Quand les héroïnes enfantent des combattants

Ces quatre femmes ont influencé le cours de l’histoire. De par leur engagement et leur parcours, elles ont marqué leur époque en posant des actions fortes qui ont permis de faire avancer la lutte pour l’émancipation des peuples. Militantes et mères, elles ont enfanté des progénitures à qui elles transmirent cette bravoure en héritage. Ces fils de guerrières devinrent naturellement eux-mêmes des guerriers.

1/ Nandi (vers 1760-1827) est la mère du grand et redoutable Shaka Zulu. Cette très belle femme à l’orgueil particulièrement développé, est la fille du chef de la maison des Elangeni dans le Kwazulu Natal. Senzankakhona Kajama, prince de la maison des Zulus, est séduit par sa beauté et la courtise bien qu’il ait déjà deux femmes.

Bien que Nandi ne se laisse pas facilement séduire et ne soit aucunement impressionnée par son statut de prince, elle finit par succomber à ses avances et tombe enceinte. Sous les conseils de l’entourage du prince, Nandi est rejetée. Elle retourne dans la maison des Elangeni et subit avec les siens les moqueries du peuple ainsi que la famine. Elle fuit avec ses enfants et sa mère, qui mourra durant le voyage. Sa progéniture et elle seront accueillis par Dingiswayo, chef de la tribu des Mthetwa, qui entretiendra la famille.

Dingiswayo finit par remarquer les qualités guerrières de Shaka et décide de l’aider à améliorer ses performances. Senzankakhona Kajama, son père, entend parler des aptitudes de Shaka et décide de le récupérer (uniquement lui et pas le reste de la famille) et de l’intégrer au sein de l’armée Zulu. Shaka accepte, gardant bien en tête et en coeur son désir de vengeance envers ce père qui humilia sa mère et les contraignit tous à l’exil. Il nourrit ainsi le projet d’affiner ses connaissances et ses techniques de combat dans le but de prendre le trône ultérieurement. Quelques temps plus tard,  lorsque Shaka apprend la mort de son père et l’intronisation de son frère, il s’en va défier ce dernier après avoir monter sa propre armée. Il élimine son rival et récupère le trône et fait rentrer sa mère en grâce, au palais, avec le statut de « Reine-Mère ».
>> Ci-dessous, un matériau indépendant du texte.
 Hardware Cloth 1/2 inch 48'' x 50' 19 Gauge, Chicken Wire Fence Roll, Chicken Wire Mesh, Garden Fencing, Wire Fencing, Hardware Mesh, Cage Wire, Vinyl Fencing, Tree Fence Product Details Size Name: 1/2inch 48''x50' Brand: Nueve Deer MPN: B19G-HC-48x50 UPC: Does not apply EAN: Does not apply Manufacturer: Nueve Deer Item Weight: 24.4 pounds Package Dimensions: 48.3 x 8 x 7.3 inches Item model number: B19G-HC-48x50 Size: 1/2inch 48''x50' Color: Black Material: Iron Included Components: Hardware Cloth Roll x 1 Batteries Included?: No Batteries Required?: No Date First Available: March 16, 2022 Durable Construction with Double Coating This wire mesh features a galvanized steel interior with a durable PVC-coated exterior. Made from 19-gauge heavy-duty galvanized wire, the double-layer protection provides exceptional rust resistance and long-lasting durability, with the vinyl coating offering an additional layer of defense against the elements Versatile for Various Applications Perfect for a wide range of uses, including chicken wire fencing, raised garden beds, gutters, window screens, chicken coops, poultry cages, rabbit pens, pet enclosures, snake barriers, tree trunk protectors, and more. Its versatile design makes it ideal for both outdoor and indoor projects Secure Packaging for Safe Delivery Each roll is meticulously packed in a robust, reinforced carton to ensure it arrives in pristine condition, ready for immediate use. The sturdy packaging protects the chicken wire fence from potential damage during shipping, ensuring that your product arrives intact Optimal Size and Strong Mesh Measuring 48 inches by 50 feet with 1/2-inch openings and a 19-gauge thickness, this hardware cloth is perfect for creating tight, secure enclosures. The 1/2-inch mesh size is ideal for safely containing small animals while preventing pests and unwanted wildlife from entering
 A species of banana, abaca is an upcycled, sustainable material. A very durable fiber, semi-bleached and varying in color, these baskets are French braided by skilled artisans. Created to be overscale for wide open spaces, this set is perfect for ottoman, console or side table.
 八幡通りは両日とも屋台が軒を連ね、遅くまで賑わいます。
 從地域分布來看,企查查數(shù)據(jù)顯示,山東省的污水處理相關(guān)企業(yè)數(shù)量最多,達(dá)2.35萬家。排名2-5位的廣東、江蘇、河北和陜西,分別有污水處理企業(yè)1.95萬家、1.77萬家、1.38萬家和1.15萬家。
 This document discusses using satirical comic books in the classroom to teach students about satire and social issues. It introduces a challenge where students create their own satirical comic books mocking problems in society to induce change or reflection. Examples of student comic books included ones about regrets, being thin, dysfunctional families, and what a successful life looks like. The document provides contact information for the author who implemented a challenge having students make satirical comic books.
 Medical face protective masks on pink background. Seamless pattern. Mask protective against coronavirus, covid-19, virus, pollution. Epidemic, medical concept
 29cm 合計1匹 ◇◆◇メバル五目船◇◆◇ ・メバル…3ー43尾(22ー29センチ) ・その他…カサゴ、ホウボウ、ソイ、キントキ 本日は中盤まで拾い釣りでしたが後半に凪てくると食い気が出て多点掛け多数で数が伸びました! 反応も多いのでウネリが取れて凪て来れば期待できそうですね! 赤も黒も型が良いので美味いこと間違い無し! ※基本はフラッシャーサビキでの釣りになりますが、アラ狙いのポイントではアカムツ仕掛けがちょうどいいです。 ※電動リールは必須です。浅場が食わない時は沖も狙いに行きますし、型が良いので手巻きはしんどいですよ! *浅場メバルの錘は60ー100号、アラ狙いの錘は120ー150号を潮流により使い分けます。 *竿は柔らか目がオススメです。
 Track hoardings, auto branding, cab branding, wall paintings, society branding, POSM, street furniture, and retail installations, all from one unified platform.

2/ La Reine Ndete Yalla Mbodj (1810 – 1860), est une héroïne de la lutte contre la colonisation et une grande souveraine de Waalo, région historique du Sénégal.
Elle appartient à la famille Tédiek, qui a construit sa fortune et sa puissance sur le commerce et les échanges avec les comptoirs français, déjà bien implantés en Afrique. En 1816, la souveraine Kouly Mbaba Diop décède et Fatim Yamar, mère de Yalla et cousine de Diop récupère le trône. Lors de l’invasion des guerriers Maures, en mars 1820, Fatim Yamar prend la tête d’une troupe de femmes pour les chasser. Elles parviennent à repousser un premier assaut mais sont défaites lors du second. Fatim Yamar et de nombreuses autres femmes préfèrent opérer un suicide collectif plutôt que d’être capturées. Avant de mourir, elle fait échapper ses deux filles, Ndjeumbeut Mbodj et Ndaté Yalla. Ndjeumbeut, l’aînée, épouse le Trazar, souverain des Maures pour sceller la paix. Cette union  attire l’hostilité de la France qui ne voit rien de positif pour elle dans cette alliance et craint une mise à l’écart. Son règne dure quinze ans. Après sa mort, sa soeur Yalla lui succède. En 1847, elle tient tête aux autorités françaises en réclamant le libre passage des troupeaux conduits par les Soninkés vers la ville de Saint-Louis et en faisant prévaloir ses droits au sein du royaume Waalo. Elle finit par interdire le commerce avec les français. En 1848, Yalla donne naissance à Sidya Nadaté Yalla Diop, l’un des plus résistants contre la colonisation.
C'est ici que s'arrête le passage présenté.